The Bridge series 4 episode 1 review

The Bridge returns for series four with a shift in emphasis and a fresh spin. Spoilers ahead in our premiere review...

This review contains spoilers.

Saga Norén is a creature of routine. Her emotions are walled in by years of isolation, circumscribed by force of habit: coping mechanisms so entrenched that they’ve become a way of life. It works, just about – that is, until something unpredictable disrupts the established pattern. Then things fall apart.

Over three series of The Bridge, we’ve learnt more about this most unorthodox of detectives, scrutinising her face for the occasional glimpse of what lies beneath the surface impassivity. At first, we saw her through the eyes of her Danish partner, Martin: affectionate, impatient, uncomprehending. He looked on in horror at her lack of social graces, but he managed to coax her out of her shell sufficiently for him – and us –  to appreciate her many qualities. Then he killed the man who murdered his son, and Saga turned him in, because that’s what a police officer does. No more awkward conversations in the car. No friendly face in a world not built for people like her.
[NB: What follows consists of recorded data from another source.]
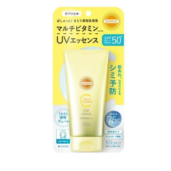製品の特徴●SUNCUT サンカット(R) マルチビタミンUVエッセンス●日やけ止め美容液●ぱしゃっと!まとう美容液感覚。うるさら極軽ヴェール。●日やけによるシミ・肌あれを防いで、未来の美肌を変えるマルチビタミンUVエッセンス。●マルチビタミン(保湿)配合。●水感のあるミストがピタッと密着し、毎日の紫外線から素肌をまもりぬきます。●すっきり爽やかクリアシトラスの香り。●SPF50+・PA++++(UV耐水性★★)●スーパーウォータープルーフ●石けんで落とせる●顔・からだ用●化粧下地にも●販売名:サンカット UVエッセンスV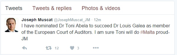In-Nomina ta’ Abela thabbret permezz ta’ tweet mill-Prim Ministru Joseph Muscat.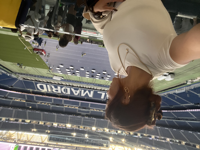 An elevated view within the Santiago Bernabéu Stadium in Madrid, Spain, is captured. The stadium's blue tiered seating is visible, with the word "MADRID" spelled out in white lettering across a section of the upper stands. In the foreground, a woman with dark hair styled in a bun with a leopard print claw clip, wearing a light-colored short-sleeved top, a gold rope chain necklace with a 'K' pendant, and gold hoop earrings, looks down towards the field. Her left hand holds a dark bag or jacket. The stadium field below is partially covered by a dark tarp, upon which approximately thirty-five small, white, round tables are systematically arranged in rows. A section of green grass is visible on the right side of the field. Two white vans are parked on the covered area near the left sideline. Several small figures, identified as workers, are engaged in activities on the field, with some near red and blue structures on the right side. A small group of spectators is visible in the lower seating area to the right, one individual wearing a white fedora hat. Artificial lighting illuminates the stadium interior from above.

Everybody she’d ever cared about had left her, one way or another. Her sister, lost to suicide; her mentor, Hans, the victim of a serial killer; even her abusive parents. Everybody but her new Danish colleague, Henrik, pleading with her in the darkness by the railway line, begging her to help him find his missing daughters. She’d wept in his arms, broken down for the first time, and then they’d picked up the pieces of their lives and started again. No illusions this time, though. She knew about his reliance on a cocktail of drugs to deaden the agony of his loss, and about the hallucinations of his lost wife and children that drove him to keep going. He knew about the autism that governed her behaviour, about her family, about the self-doubt that gnawed at her, a parting gift from her destructive mother to go with her successful plot to frame Saga for her ‘murder’. There was no need for the romantic clichés: they’d already had sex, an act never exactly rich in meaning for Saga in any case, and she’d turned down his dinner invitation with her usual bluntness. Instead, there was a shared look, a half-smile, and an understanding. A future: one that could be shared.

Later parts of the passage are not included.